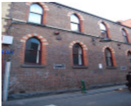
4246 Chinese Mission Church 14. Heffernan Lane facade
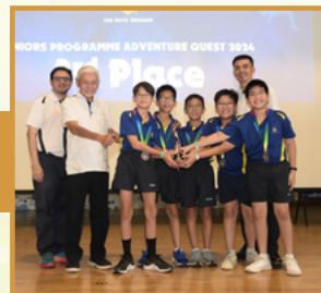
Winning Team 65 (3rd Place) from 42J Singapore Company in Nanyang Primary School
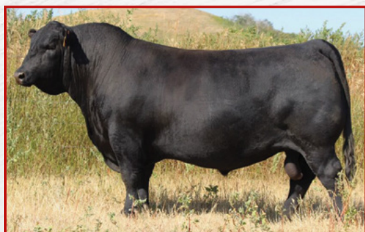
LOT 21'S SIRE – SCHIEFELBEIN GABLE 311

(WORK REQUIRED): Reproduce the full listing faithfully, but do not carry over any pictures.

(RESPONSE AREA):
4246 Chinese Mission Church 14. Heffernan Lane facade
Winning Team 65 (3rd Place) from 42J Singapore Company in Nanyang Primary School
LOT 21'S SIRE – SCHIEFELBEIN GABLE 311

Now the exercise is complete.